Rhode Island news
Sickness thwarts Everest attempt
01:00 AM EDT on Saturday, May 19, 2007
Warwick chiropractor Timothy Warren’s attempt to summit Mount Everest has ended in failure due to a throat infection, and the climber is on his way back down the mountain.
Warren started his summit attempt yesterday at 4:30 a.m. Himalayan time, but within an hour of the start, he knew that he could not safely reach the summit.
“The dry, freezing air combined with heavy panting constricted my trachea, throat and lungs like a vice. I sat down between crevasses, radioed Tuck at BC and had a good cry,” he wrote by e-mail. Warren was referring to Mark Tucker, at base camp, who reached the top of Everest in 1989.
Warren left for Nepal on March 15, flying across the world and landing in Katmandu, where he spent several days before taking a helicopter closer to Everest.
On April 2, he reached base camp, where he had a space for his tent carved out of the glacier.
He spent the past month and a half taking day hikes higher up the mountain, and returning to base camp for the night. These acclimatization hikes were intended to allow his body to slowly get used to climbing at high altitudes.
But during these hikes, Warren picked up the violent cough that would eventually be his undoing. He went to lower altitudes with higher oxygen levels to try to let his body heal, but the cough persisted. Once he returned to base camp at 17,500 feet, he and his Sherpa guide, Phinjo, decided to go ahead with the summit attempt as planned. But they quickly knew that they would never make the 29,035-foot summit, where humans can survive only briefly in good health.

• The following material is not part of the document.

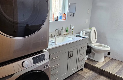 Walk into the Alaskan entryway that leads you through the main door to the vaulted ceiling living room. A well apportioned kitchen with all the home stocked items and utensils. On the first floor is the Primary bedroom with a king size bed, bathroom and washer/dryer. Walking up the stairs to the 2nd floor you will find a private bedroom with a queen size bed and a gorgeous view looking out to the Cook Inlet and water. There is plenty of parking for 2 cars.

“It started three days ago and seemed to improve, but this morning when in subfreezing air at 5 a.m., as Phinjo and I climbed the Khumbu icefall, we both knew it was over,” Warren said.
“Ironically, at home I am rarely ill,” Warren wrote.
“If I pushed a little further, I would have put others at risk who may have had to assist me and I wasn’t about to do that — especially in light of the fact that two additional climbers died several days ago,” he wrote.
Warren’s plans for returning home are not yet known, nor is it clear whether he will try again next year. But he said that he is happy he tried to summit regardless.
“I will say that I have learned great lessons on this Everest journey, in addition to being very proud of what I did accomplish by stepping up to the plate. I went in search of a great perhaps,” he wrote.
• From Earth’s tallest point, the message was understandably breathless. "We made it to the top!” Samantha Larson told her mother via satellite phone Thursday after reaching the summit of Mount Everest. “Now all we have to do is make it back down.” Larson, 18, of Long Beach, Calif., became one of the youngest people to scale the 29,035-foot peak, reaching the summit with a group that included her father, David Larson, 51, an anesthesiologist. The high school honors graduate began posting reports on her Everest trek last month at www.samanthalarson.blogspot.com. (Los Angeles Times)
“The dry, freezing air combined with heavy panting constricted my trachea, throat and lungs like a vice.”